Team Jacobs would start the 2025–26 curling season winning the 2025 Pan Continental Curling Championships, beating John Shuster of the United States 7–3 in the final. They would also have a strong year on the grand slam tour, finishing as semifinalists at the 2025 Masters and 2025 GSOC Tahoe. Team Jacobs would again try to return to the Olympics at the 2025 Canadian Olympic Curling Trials. There, they would finish the round robin in first place with a 6–1 record, and would then beat Matt Dunstone in both games of their best-of-three final to represent Canada at the 2026 Winter Olympics.

===Mixed doubles===
In April 2016, Gallant and teammate Jocelyn Peterman won the 2016 Canadian Mixed Doubles Curling Trials after battling to a 12–8 win over Laura Crocker and Geoff Walker at the Nutana Curling Club in Saskatoon, Sask. The new champions were playing in their first Mixed Doubles event together. The pair played in the 2018 Canadian Mixed Doubles Curling Olympic Trials, going undefeated in group play, but lost to the eventual champion John Morris / Kaitlyn Lawes pairing in the semifinal. Peterman and Gallant also won the 2019 Canadian Mixed Doubles Curling Championship, defeating Nancy Martin and Tyrel Griffith in the final. The pair represented Canada at the 2019 World Mixed Doubles Curling Championship, where they won the silver medal after losing 6–5 to Sweden's Anna Hasselborg and Oskar Eriksson on the last rock. They would also perform well on the World Curling Tour, winning events such as the 2018 Battleford Mixed Doubles Fall Curling Classic and the 2019 China Open.

On March 2, 2022, Curling Canada announced that Peterman and Gallant would represent Canada at the 2022 World Mixed Doubles Curling Championship after the Canadian Mixed Doubles Championship was cancelled due to COVID. At the championship, the pair finished second in their pool with an 8–1 record, only suffering one loss to Scotland's Eve Muirhead and Bobby Lammie. This earned them a spot in the qualification game against Norway's Maia and Magnus Ramsfjell. After a tight game all the way through, Norway scored two in the final end to win the game 6–5, eliminating the Canadians in fifth place.

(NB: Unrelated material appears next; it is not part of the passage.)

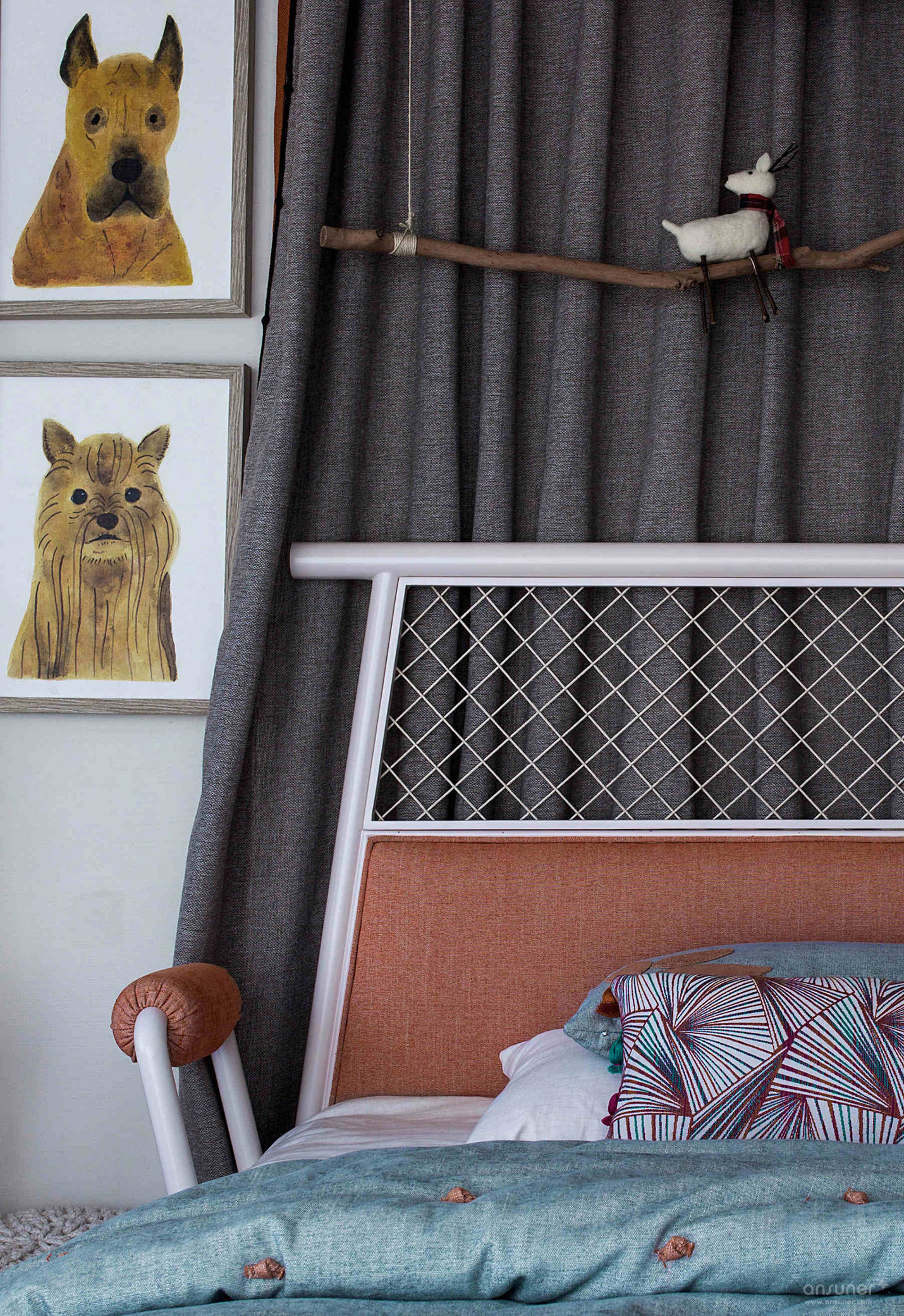 儿童房:儿童房的设计则更具现代气息和纯真色彩。空间以浅色为基调,以麻布灰色建构起别致创意的布艺背景,橙色的滚边设计,与窗帘及天顶灯罩的橙色相互呼应,清新与活力自然流露,未经修饰的一茬树枝别开生面地悬于其上,枝头伫立着鸟儿,啾啾声里与落地窗外的自然绿植相映成趣。

Peterman and Gallant went undefeated through the round robin of the 2023 Canadian Mixed Doubles Curling Championship with a 7–0 record. They then won both their quarterfinal and semifinal game to reach the final where they faced Jennifer Jones and Brent Laing. After a tight game all the way through, Jones and Laing scored five in the eighth end to win the game 9–4. Peterman and Gallant also competed in the 2024 Canadian Mixed Doubles Curling Championship, where they finished in third place.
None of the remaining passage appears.